**THE INPUT:**

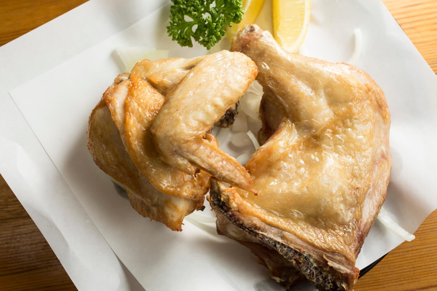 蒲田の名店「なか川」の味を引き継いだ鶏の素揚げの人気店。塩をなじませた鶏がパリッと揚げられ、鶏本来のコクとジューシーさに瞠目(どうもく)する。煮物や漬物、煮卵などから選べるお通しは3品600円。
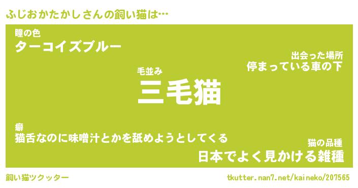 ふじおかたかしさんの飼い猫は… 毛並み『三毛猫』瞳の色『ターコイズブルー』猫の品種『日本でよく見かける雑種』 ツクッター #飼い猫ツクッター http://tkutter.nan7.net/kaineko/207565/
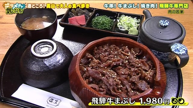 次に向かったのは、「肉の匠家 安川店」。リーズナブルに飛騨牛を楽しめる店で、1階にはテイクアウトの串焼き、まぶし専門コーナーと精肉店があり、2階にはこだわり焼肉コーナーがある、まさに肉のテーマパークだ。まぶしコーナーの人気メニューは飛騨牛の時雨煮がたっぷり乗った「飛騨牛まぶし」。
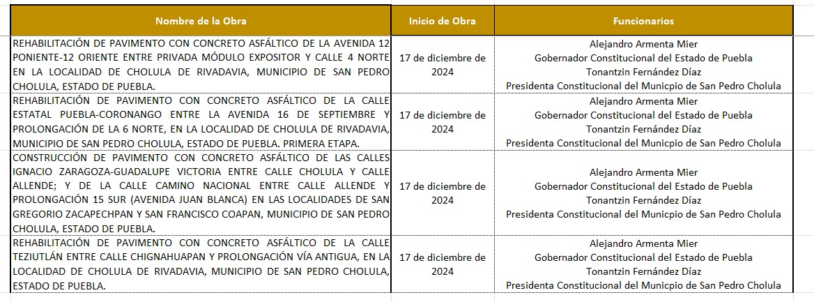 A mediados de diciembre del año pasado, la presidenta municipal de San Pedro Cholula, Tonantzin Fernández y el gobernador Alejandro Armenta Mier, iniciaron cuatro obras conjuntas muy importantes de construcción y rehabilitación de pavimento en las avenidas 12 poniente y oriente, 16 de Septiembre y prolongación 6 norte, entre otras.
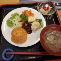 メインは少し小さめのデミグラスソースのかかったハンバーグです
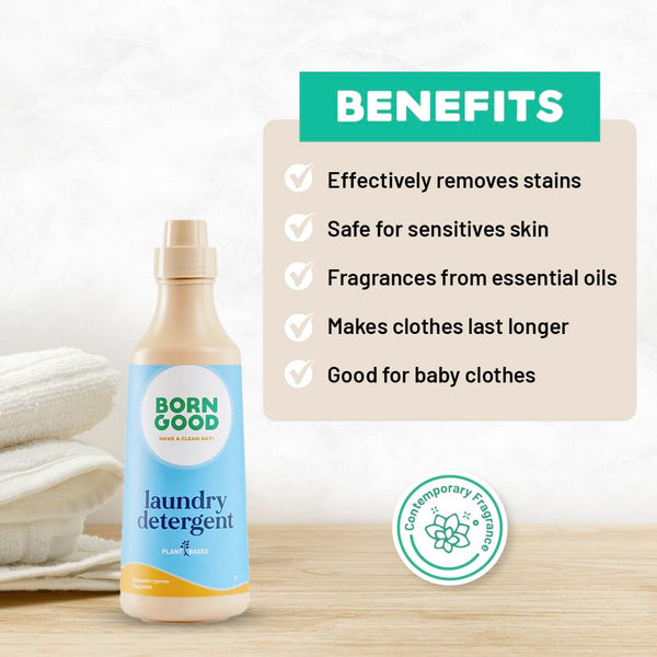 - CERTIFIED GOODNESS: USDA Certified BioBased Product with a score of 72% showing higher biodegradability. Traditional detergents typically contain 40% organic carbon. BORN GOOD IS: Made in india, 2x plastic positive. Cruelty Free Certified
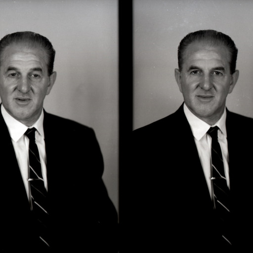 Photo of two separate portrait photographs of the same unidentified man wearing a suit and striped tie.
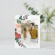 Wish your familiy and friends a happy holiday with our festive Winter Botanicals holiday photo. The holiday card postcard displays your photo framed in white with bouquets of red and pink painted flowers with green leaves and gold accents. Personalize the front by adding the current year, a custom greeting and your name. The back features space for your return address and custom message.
--
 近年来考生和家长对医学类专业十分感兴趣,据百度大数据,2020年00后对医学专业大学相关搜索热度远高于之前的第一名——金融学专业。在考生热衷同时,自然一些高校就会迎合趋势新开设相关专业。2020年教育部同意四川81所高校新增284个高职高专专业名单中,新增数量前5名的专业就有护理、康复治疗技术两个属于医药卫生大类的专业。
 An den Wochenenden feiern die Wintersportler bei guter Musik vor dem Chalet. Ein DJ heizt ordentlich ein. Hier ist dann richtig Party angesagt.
==
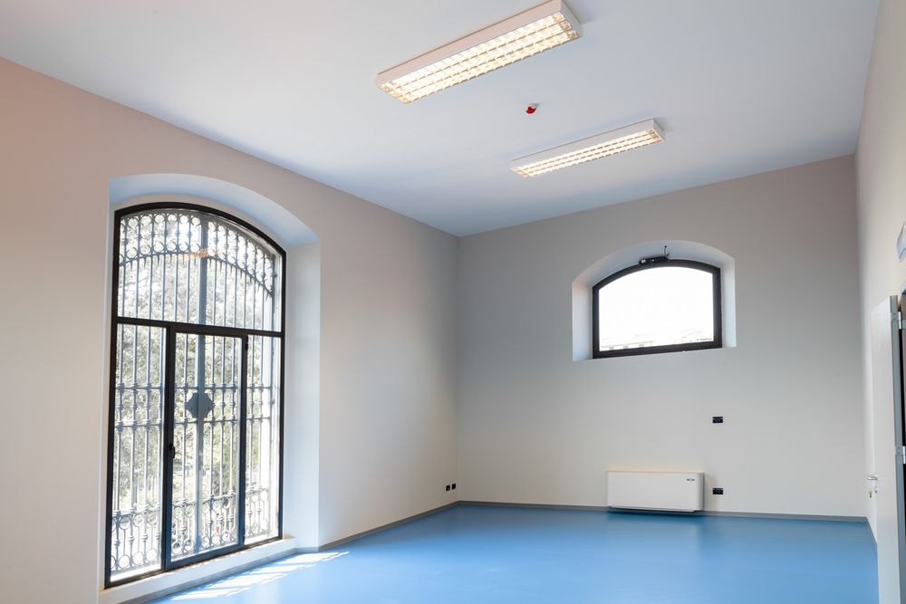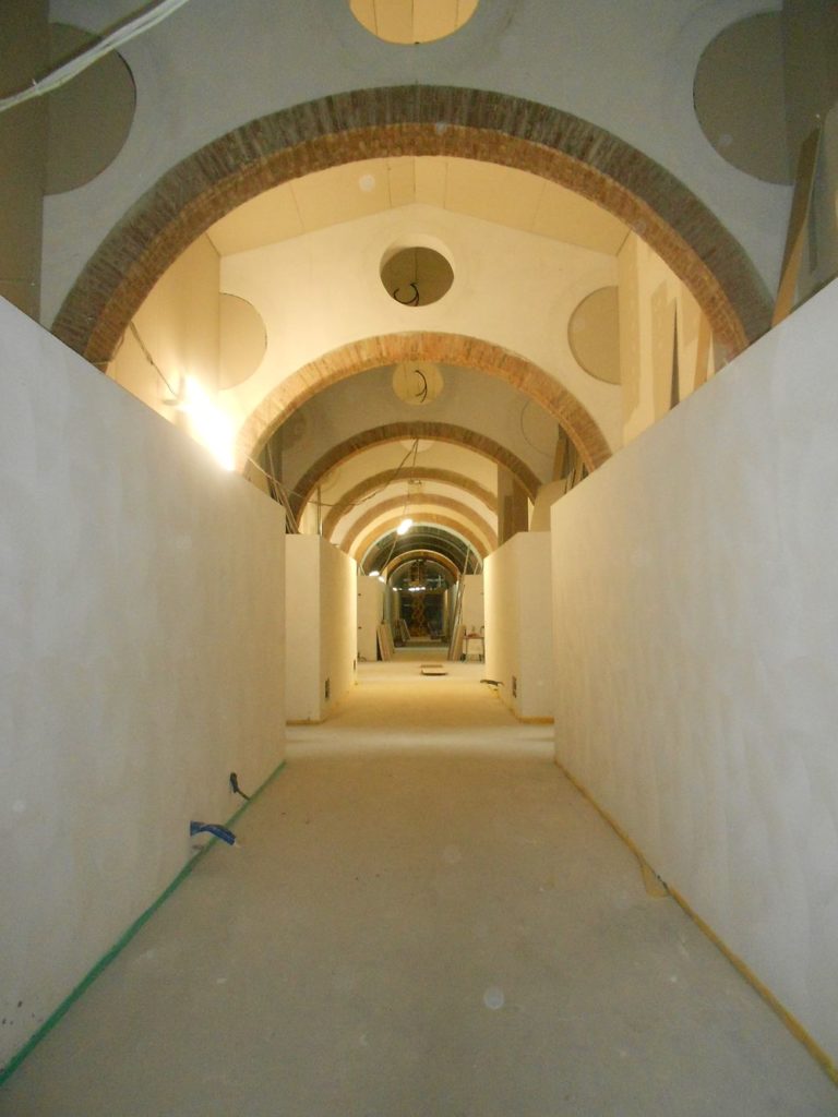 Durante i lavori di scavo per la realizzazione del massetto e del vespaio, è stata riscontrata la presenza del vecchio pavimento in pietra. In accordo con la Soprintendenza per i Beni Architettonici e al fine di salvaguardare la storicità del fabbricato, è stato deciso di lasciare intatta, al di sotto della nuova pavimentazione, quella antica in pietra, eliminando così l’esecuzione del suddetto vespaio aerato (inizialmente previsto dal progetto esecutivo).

**WHAT YOU WILL DO:** Above are the records; restate exactly the lines from the one containing "蒲田の名店「なか川」の味を引" through the one containing "Wish your familiy", keeping pictures out.

**RESPONSE AREA:**
 蒲田の名店「なか川」の味を引き継いだ鶏の素揚げの人気店。塩をなじませた鶏がパリッと揚げられ、鶏本来のコクとジューシーさに瞠目(どうもく)する。煮物や漬物、煮卵などから選べるお通しは3品600円。
 ふじおかたかしさんの飼い猫は… 毛並み『三毛猫』瞳の色『ターコイズブルー』猫の品種『日本でよく見かける雑種』 ツクッター #飼い猫ツクッター http://tkutter.nan7.net/kaineko/207565/
 次に向かったのは、「肉の匠家 安川店」。リーズナブルに飛騨牛を楽しめる店で、1階にはテイクアウトの串焼き、まぶし専門コーナーと精肉店があり、2階にはこだわり焼肉コーナーがある、まさに肉のテーマパークだ。まぶしコーナーの人気メニューは飛騨牛の時雨煮がたっぷり乗った「飛騨牛まぶし」。
 A mediados de diciembre del año pasado, la presidenta municipal de San Pedro Cholula, Tonantzin Fernández y el gobernador Alejandro Armenta Mier, iniciaron cuatro obras conjuntas muy importantes de construcción y rehabilitación de pavimento en las avenidas 12 poniente y oriente, 16 de Septiembre y prolongación 6 norte, entre otras.
 メインは少し小さめのデミグラスソースのかかったハンバーグです
 - CERTIFIED GOODNESS: USDA Certified BioBased Product with a score of 72% showing higher biodegradability. Traditional detergents typically contain 40% organic carbon. BORN GOOD IS: Made in india, 2x plastic positive. Cruelty Free Certified
 Photo of two separate portrait photographs of the same unidentified man wearing a suit and striped tie.
 Wish your familiy and friends a happy holiday with our festive Winter Botanicals holiday photo. The holiday card postcard displays your photo framed in white with bouquets of red and pink painted flowers with green leaves and gold accents. Personalize the front by adding the current year, a custom greeting and your name. The back features space for your return address and custom message.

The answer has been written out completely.